高深宽比微结构零件的无螺杆超声微注射成型充填机理与结构形态研究

High aspect ratio micro structured parts are important components for Micro Electronic Mechanical System (MEMS), which are widely used in the fields of microstrucuture measurement and microelectronic packaging. With the capability of molding part with complex structure and precise dimensions in a single shot, micro injection molding is considered to have great potential for the development in batch manufacturing of high aspect ratio micro structured parts. However, due to the machining difficulties of small size screw and the influence of the micro scale effect, micro injection molding still faces the challenges such as serious materials waste and micro cavities filling. The new method of screwless ultrasonic micro injection molding is expected to solve the above mentioned problems in a targeted manner because of its advantages in materials and energy saving and better molding performance of the plasticized polymer melt. On the basis of the research on the principle of screwless ultrasonic plasticizing, this project proposal focuses on the filling process of the micro injection molding after ultrasonic plasticizing. The micro-scale rheological properties and filling behavior of polymer melt under the coupling of ultrasonic field, the structural morphology of the molded part and the development and application of the molding system will be studied to reveal the dynamic response mechanism of micro-scale rheological behavior of the polymer melt, to determine the distribution law of the filling flow field and to elucidate the structural evolution mechanism of the molded part. The project results are supposed to be of great significance for enriching the batch manufacturing theory for high aspect ratio micro structured parts and guiding the process development of screwless ultrasonic micro injection molding.

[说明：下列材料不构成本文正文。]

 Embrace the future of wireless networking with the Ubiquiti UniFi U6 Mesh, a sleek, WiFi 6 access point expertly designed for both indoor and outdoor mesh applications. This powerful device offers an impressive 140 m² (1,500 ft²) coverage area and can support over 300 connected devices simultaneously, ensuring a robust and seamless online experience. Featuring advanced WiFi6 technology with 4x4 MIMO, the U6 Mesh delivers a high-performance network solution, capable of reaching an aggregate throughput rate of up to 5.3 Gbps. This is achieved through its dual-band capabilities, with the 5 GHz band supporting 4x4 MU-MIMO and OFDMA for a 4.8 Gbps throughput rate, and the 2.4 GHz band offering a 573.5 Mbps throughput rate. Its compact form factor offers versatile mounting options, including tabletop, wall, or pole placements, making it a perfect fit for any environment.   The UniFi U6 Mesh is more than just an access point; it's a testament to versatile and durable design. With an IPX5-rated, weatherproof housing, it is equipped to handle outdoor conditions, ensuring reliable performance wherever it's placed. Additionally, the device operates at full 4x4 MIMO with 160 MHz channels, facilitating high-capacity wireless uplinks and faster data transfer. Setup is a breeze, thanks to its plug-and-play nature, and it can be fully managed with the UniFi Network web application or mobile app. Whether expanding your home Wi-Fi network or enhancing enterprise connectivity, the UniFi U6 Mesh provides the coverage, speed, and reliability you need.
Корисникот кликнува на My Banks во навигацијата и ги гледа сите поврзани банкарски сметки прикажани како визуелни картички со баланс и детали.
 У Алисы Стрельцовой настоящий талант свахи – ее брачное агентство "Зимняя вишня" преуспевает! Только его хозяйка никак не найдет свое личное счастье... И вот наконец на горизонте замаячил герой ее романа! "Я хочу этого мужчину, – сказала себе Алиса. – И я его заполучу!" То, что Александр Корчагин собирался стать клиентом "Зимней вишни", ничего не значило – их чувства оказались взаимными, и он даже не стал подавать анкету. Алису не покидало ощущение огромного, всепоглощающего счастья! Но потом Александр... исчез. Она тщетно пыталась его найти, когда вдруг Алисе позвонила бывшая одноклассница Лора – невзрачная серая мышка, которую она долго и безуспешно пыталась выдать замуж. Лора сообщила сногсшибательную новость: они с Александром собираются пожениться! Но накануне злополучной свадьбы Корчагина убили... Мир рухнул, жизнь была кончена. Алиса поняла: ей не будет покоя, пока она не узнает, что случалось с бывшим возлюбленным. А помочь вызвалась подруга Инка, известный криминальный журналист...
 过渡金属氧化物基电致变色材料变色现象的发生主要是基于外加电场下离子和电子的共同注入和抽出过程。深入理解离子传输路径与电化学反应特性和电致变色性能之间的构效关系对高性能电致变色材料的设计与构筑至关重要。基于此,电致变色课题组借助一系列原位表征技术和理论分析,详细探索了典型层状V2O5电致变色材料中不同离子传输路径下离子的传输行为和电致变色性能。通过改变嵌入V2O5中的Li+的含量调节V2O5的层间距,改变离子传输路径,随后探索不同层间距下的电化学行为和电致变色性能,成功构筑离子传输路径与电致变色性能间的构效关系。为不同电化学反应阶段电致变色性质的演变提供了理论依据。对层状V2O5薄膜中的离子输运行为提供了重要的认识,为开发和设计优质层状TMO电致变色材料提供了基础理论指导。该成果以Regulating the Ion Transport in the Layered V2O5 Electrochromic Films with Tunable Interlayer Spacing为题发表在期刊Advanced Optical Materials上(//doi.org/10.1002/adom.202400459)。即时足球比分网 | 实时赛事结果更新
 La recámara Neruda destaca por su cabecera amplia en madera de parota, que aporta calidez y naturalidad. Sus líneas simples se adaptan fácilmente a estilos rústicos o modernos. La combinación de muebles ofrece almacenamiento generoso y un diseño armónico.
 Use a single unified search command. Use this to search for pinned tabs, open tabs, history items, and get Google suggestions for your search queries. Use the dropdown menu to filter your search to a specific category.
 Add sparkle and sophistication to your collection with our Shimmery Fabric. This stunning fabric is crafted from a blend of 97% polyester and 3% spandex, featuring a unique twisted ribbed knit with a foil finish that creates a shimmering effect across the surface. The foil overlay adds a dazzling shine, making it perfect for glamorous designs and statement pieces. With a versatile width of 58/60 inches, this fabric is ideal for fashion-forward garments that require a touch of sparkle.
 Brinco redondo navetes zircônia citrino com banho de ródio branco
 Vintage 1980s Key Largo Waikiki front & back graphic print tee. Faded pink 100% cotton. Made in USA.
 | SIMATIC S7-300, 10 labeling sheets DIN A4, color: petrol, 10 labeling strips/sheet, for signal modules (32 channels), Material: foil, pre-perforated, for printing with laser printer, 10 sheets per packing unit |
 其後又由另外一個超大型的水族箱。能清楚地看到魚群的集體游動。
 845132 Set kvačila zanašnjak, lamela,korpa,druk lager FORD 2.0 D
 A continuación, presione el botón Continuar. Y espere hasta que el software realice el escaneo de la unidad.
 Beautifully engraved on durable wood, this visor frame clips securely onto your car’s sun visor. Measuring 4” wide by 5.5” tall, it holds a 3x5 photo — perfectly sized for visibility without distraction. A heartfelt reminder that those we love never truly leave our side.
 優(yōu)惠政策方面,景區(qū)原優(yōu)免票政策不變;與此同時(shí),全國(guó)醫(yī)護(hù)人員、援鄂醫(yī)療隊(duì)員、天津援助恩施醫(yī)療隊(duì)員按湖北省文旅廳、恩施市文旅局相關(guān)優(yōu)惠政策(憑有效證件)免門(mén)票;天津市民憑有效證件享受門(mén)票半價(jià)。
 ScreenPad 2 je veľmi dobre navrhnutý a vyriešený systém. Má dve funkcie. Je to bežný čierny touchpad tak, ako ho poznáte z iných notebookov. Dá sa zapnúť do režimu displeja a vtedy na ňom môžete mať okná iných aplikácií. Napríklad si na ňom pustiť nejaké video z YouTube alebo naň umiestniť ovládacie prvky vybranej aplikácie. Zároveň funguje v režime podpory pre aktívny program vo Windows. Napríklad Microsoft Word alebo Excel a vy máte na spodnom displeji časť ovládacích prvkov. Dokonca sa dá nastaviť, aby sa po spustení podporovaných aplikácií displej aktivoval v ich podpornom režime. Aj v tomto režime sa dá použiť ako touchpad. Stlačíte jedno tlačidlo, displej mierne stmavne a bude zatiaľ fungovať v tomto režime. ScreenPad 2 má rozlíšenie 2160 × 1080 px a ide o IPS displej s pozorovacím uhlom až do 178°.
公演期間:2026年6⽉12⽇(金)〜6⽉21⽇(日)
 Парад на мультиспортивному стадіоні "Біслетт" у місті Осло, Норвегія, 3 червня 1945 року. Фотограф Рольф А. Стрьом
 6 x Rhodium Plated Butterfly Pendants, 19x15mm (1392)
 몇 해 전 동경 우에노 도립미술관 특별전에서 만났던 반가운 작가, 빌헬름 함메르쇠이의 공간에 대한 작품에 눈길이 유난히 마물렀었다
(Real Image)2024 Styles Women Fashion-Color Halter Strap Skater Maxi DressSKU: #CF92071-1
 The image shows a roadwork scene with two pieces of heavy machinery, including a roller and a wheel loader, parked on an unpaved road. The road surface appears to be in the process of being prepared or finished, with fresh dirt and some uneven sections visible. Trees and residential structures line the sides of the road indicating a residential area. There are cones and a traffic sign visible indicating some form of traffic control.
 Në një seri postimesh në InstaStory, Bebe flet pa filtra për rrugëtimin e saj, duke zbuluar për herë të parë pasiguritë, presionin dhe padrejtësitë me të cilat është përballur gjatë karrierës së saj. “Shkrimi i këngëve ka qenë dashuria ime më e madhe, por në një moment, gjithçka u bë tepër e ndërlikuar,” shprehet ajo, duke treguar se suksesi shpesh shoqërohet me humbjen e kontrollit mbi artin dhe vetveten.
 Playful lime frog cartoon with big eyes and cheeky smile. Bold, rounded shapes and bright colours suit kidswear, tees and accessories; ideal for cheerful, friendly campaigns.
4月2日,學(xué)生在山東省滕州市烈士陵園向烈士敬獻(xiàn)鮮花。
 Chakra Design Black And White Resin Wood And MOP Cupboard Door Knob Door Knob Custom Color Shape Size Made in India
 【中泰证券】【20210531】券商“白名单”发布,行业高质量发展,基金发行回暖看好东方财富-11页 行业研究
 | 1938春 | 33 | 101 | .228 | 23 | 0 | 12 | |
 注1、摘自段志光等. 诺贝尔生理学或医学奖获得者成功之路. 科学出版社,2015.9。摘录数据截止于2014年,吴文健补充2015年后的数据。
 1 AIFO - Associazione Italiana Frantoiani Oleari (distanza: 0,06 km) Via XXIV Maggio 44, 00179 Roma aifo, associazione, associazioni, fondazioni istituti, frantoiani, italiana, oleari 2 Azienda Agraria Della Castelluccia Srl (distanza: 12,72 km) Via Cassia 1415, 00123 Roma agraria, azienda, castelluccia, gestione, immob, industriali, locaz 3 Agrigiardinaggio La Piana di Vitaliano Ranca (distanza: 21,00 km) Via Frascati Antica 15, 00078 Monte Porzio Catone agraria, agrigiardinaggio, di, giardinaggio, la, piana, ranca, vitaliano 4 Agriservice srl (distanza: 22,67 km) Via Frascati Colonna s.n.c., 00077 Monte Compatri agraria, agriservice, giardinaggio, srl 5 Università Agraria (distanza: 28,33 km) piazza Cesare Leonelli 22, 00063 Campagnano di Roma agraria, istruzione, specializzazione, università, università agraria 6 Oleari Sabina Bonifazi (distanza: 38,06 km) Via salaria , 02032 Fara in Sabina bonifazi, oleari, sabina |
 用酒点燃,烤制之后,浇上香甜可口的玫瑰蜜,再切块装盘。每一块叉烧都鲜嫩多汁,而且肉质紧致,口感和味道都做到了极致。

高深宽比微结构零件是微机电系统中的重要元件，在微结构测量、微电子封装等领域应用广泛。微注射成型技术可一次成型结构复杂、尺寸精确的零件，在实现高深宽比微结构零件的批量化制造方面具有较大的发展潜力。然而，由于小尺寸螺杆加工困难和微尺度效应的影响，微注射成型技术还面临材料浪费严重和微结构充填困难等挑战。无螺杆超声微注射成型新方法兼具节能省材和塑化熔体成型性能较好的优点，有望针对性的解决上述难题。本项目在无螺杆超声塑化原理研究的基础上，进一步探索无螺杆超声微注射成型的充填过程，开展超声场耦合作用下高聚物熔体的微尺度流变特性与充填行为、成型零件的结构形态和成型系统的开发与应用研究，旨在揭示超声场耦合作用下高聚物熔体的微尺度流变响应机理，探明充填流场的分布规律，阐明成型零件的结构形态演变机制。本项目成果对于丰富高深宽比微结构零件的批量化制造理论，指导无螺杆超声微注射成型工艺具有重要意义。

高深宽比微结构零件是微机电系统中的重要元件，在微结构测量、生化传感等领域应用广泛。然而，由于小尺寸螺杆加工困难和微尺度效应的影响，高深宽比微结构注塑成型面临材料浪费严重和微结构充填困难等挑战。本项目提出一种基于超声塑化微注塑的高深宽比微结构零件成型新方法，针对超声塑化机理、熔体微尺度流变响应关键科学问题，通过基础实验、仿真模拟、成型试验和测试表征等方法，开展了超声塑化生热机理、熔体微尺度流变特性与充填行为、超声塑化微注塑成型装备研制和典型零件成型研究。主要成果如下：. 阐释了超声塑化生热过程的聚合物分子运动和能量转化机制。建立了基于联合原子的分子动力学模型和高速红外摄像生热实验系统，揭示了超声塑化系统同质与异质界面摩擦、高频锤击瞬态粘弹生热机理。. 提出了一种基于矩形狭缝型腔的微尺度流变测试新方法。搭建了一套型腔厚度可调、设有熔体储存区的稳态在线流变测试平台，建立了考虑非等温效应影响的Cross-WLF粘度模型，将模流分析软件的预测精度调高了30%以上。. 获得了一套超声塑化微注塑过程参数表征和结构形态调控技术。提出了一种表征“边塑化边注射”过程充填速率的新方法，探明了工艺参数对充填速率和制品结构性能的影响规律，实现了充填速率和制品性能的协同优化。. 研制了新一代全电动超声塑化微注塑成型原型装备。构建了成套超声塑化微注塑工艺过程控制系统，包括一套含3个谐振频率的超声振动控制与数据采集、柱塞和锁模机构运动控制等功能模块。实现了高深宽比微针阵列结构的高质量成型。. 发表学术论文18篇，其中SCI收录16篇（JCR一区15篇，含中科院一区2篇），中国卓越计划期刊收录2篇。授权国家发明专利7项。组织国内外学术交流论坛2次。培养优秀青年学者2人，其中晋升教授并获“湖湘青年英才”荣誉称号1人，晋升副教授1人。培养博士、硕士研究生13人。